The consequences of the Supreme Court decision for each stakeholder:
- Insolvency practitioners should take care when complying with or settling an FSD liability to ensure that the parties agree that such settlement/compliance does not give rise to an administration expense but remains a provable debt.
- Banks may breathe a sigh of relief – to the extent that the fixed charge security does not cover the amounts owed, the floating charge realisations are now no longer diluted – or indeed entirely wiped out – by a large FSD/CN claim.
- TPR issued a press release shortly after the Supreme Court decision was released stating that it welcomed the decision and was ‘pleased that the Supreme Court has decided that an FSD issued against an insolvent target is effective’. Although it sought (in a press release issued shortly after the CA judgment and subsequent formal statement in July 2012 on FSDs and insolvency) to provide reassurance that it was not TPR’s intention to hamper the legitimate work of the administration and restructuring process, it was inevitable that concern and uncertainty had remained. Now TPR no longer has to face the conflict between maximising recovery by members (and schemes) and seeking to be ‘reasonable’ and not interfere with commercial restructurings.
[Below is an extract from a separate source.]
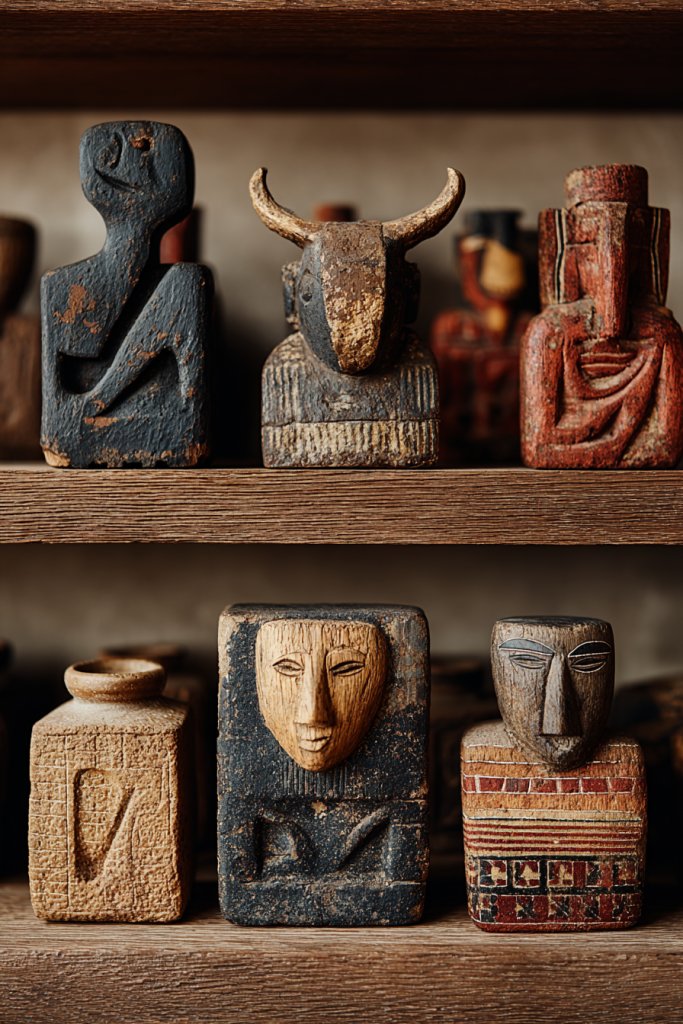 Picture a collection of abstract sculptures in varied materials—metal, wood, ceramic—placed on shelves, tables, or pedestals. Or vintage artifacts like tribal masks, carved figures, or antique trinkets displayed thoughtfully. These items add texture, history, and visual intrigue, creating layers of meaning. The varied shapes and finishes keep the eye moving and the mood lively.

The judgment also fixes the anomaly that a s75 debt ranks as a provable debt, whilst an FSD/CN liability aimed at reducing the s75 debt would be payable with much higher priority, namely as an expense. Employment specialists will also take note of the Supreme Court’s endorsement of the decision in Day v Haine holding that a protective award issued by an employment tribunal following the start of an administration is a provable debt.
So, can the insolvency world now sleep easy? Well, no – there is still one issue that practitioners and interested parties have been grappling with for as long as the one in Lehman/Nortel, namely the issue of how rent is dealt with in administration. It is to be hoped that the very commercial decision taken by the Supreme Court sets a strong example and that we can expect the Goldacredecision to be ultimately remedied on appeal to either the CA or the Supreme Court. Then the insolvency world really can sleep easy (until the next thunderstorm appears.